Onolememen errs further: “…the Federal Government may be forced to review its Federal Highway Act in such a way that all urban roads will be left to the State governments because many of the governors are hiding under Federal Government projects….”

This is a most myopic view of intergovernmental relations. A senior Cabinet Minister should have known that government everywhere is about the people’s needs, the satisfaction of which is the sole justification for government. This strict constructionist and escapist view of government may soon restrict Federal Government activities to Abuja , oblivious of the fact that the Federal Government also has the entire federation as its constituency.

Taken together, the struggles of Jattu and the sponsored adverts to promote the Federal Government efforts to “rehabilitation/reconstruction of big road projects” and reduce the involvement of the Edo State Government to “gutter and walkways on the side of the road” are totally misplaced.

The facts on ground speak volumes. Those gigantic drainages provided by Edo State Government, meant to protect even the road and the entire environment, are needed to save Benin City from the type of ecological catastrophe that beset Lagos, Ibadan and other places recently. Who wants to compare them with the “patch-patch” work that the Federal Government is doing on the road?

Jattu soon descended to innuendoes and insinuations, when he stated that “One man that should give an answer to the above question is Josef Omorotionmwan who at his age….” This is ageism. Much as I do not know the ages of the writers, I am also unaware of when it became an offence for old people to comment on public affairs. Freedom of expression as guaranteed under our 1999 Constitution is, to my mind, not exclusively reserved for “eaglets”.

In fact, this is argumentum ad hominem (argument against the person, instead of addressing the issue). Even at that, I have closely followed Omorotionmwan’s writings over the years and from his progressive thoughts, it is easy to deduce that, in age, he might pass for the grandson of many a godfather. His position as a knowledgeable, courageous and fearless commentator on national affairs cannot be faulted.

Jattu wonders “why the State Governor awarded his contract to the same Contractor the Federal Ministry of Works had earlier awarded the road rehabilitation contract” Jattu portrayed grave ignorance of the fact that, in Edo State, it is the dawn of a new era. In an Administration that believes in development instead of “sharing the money”, every effort is made to cut cost.
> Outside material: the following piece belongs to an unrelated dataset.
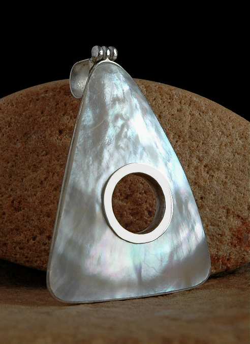 Dieses Modell ist mit einer schillernden Muschel und modern schlichter Silberarbeit gefertigt, in der Kombination kommt die schöne Muschel voll zur Geltung.
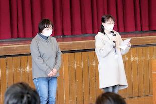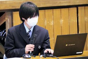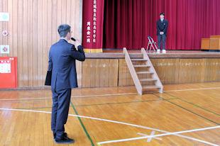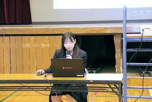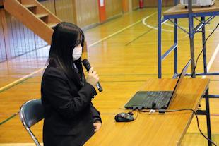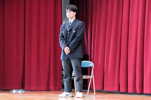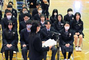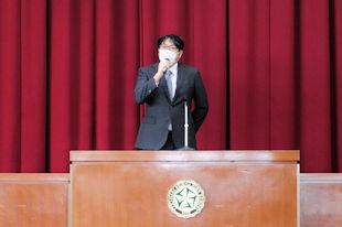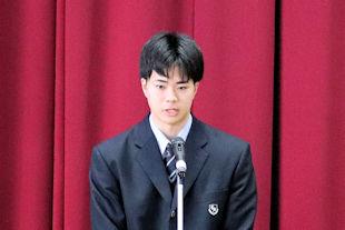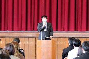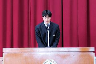 続いて、新生徒会長があいさつをし、6月までの任期中の抱負を話してくれました。

It is economically efficient and financially prudent to have the same contractor handle the jobs. In this way, the cost of up and down movement of equipment is drastically reduced. In any case, how does it become an issue or the business of anybody, who the Edo State Government decides to award its contracts to, other than those possessing the type of “busy body”, which is the stock-in-trade for loafers?

Jattu admits,  “It is true that former Ministers did not only disappoint in fixing the road in the past… and it now takes about four hours from Benin to Lagos against the ugly situation of the past when it took travellers almost two days due to the very bad nature of the Ore axis of the road.”

Meanwhile, he maintains that it is incorrect for Omorotionmwan to assert that “the Federal Government has been an absentee landlord who has ignored or neglected its roads in Edo State .” What an obvious contradiction!

People may not be living in the past but there is still a lot of pent-up anger and disappointment in Edo State that for many years, a journey from Benin City to Lagos that should take only about four hours took two days. And whatever happened to the annual appropriations to this road during the years of the locust?

The Federal Government must wake up to its responsibilities instead of engaging in unnecessary polemics. It is only fair to remind the Federal Government of its tardiness all over the place. A case in point is the Benin-Abraka Road project, which was flagged off with a lot of pomp and celebration almost two years ago and is still in a comatose state waiting for proper work to start. Why else would the Omorotionmwans not speak out?